_EXERCISE OBJECTIVE_
The entries are to be returned exactly, with images left out.

_Records from a dataset_
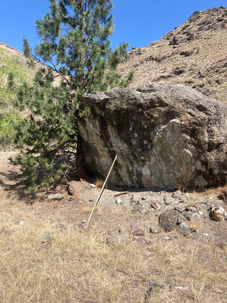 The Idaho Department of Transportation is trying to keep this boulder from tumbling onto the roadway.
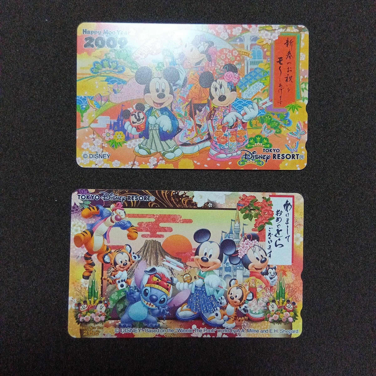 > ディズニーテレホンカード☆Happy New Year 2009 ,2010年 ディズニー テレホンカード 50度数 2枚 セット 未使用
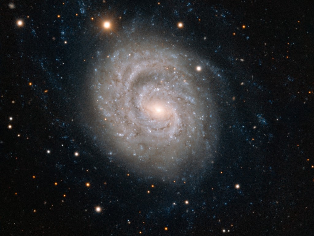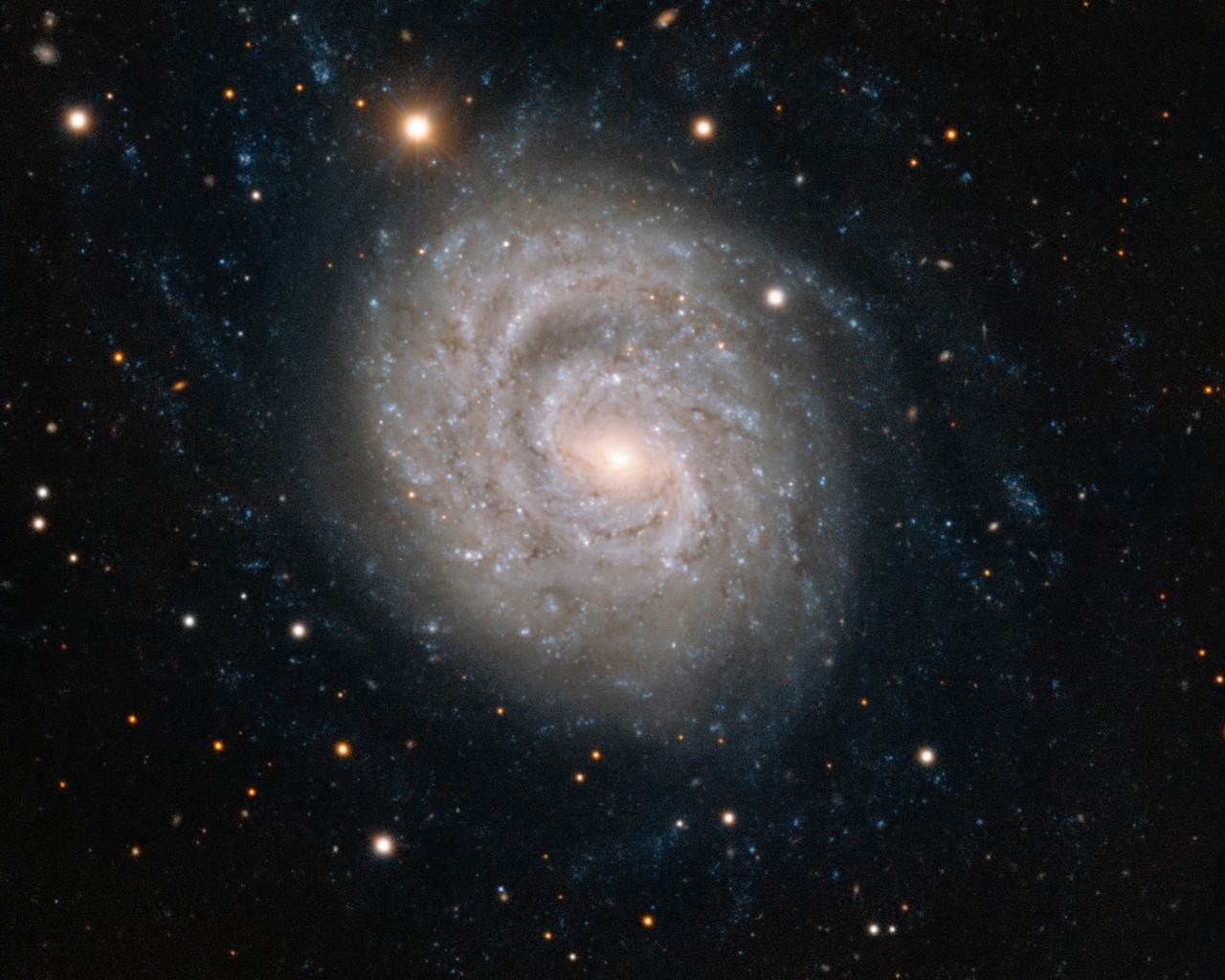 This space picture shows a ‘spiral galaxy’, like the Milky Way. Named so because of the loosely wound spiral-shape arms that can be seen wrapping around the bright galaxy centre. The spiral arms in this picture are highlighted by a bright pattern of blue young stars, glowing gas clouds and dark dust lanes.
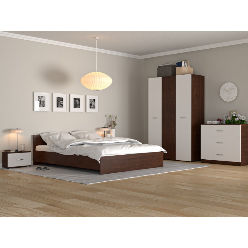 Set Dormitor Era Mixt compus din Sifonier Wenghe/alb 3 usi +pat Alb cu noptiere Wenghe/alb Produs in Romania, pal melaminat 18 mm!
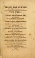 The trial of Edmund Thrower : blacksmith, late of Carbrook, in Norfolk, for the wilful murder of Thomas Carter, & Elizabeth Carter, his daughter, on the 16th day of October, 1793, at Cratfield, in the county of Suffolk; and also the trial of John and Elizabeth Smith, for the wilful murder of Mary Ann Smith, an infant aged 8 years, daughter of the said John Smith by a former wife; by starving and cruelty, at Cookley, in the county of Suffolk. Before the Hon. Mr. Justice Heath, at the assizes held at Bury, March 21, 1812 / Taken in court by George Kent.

_ANSWER SPACE_
 The Idaho Department of Transportation is trying to keep this boulder from tumbling onto the roadway.
 > ディズニーテレホンカード☆Happy New Year 2009 ,2010年 ディズニー テレホンカード 50度数 2枚 セット 未使用
 This space picture shows a ‘spiral galaxy’, like the Milky Way. Named so because of the loosely wound spiral-shape arms that can be seen wrapping around the bright galaxy centre. The spiral arms in this picture are highlighted by a bright pattern of blue young stars, glowing gas clouds and dark dust lanes.
 Set Dormitor Era Mixt compus din Sifonier Wenghe/alb 3 usi +pat Alb cu noptiere Wenghe/alb Produs in Romania, pal melaminat 18 mm!
 The trial of Edmund Thrower : blacksmith, late of Carbrook, in Norfolk, for the wilful murder of Thomas Carter, & Elizabeth Carter, his daughter, on the 16th day of October, 1793, at Cratfield, in the county of Suffolk; and also the trial of John and Elizabeth Smith, for the wilful murder of Mary Ann Smith, an infant aged 8 years, daughter of the said John Smith by a former wife; by starving and cruelty, at Cookley, in the county of Suffolk. Before the Hon. Mr. Justice Heath, at the assizes held at Bury, March 21, 1812 / Taken in court by George Kent.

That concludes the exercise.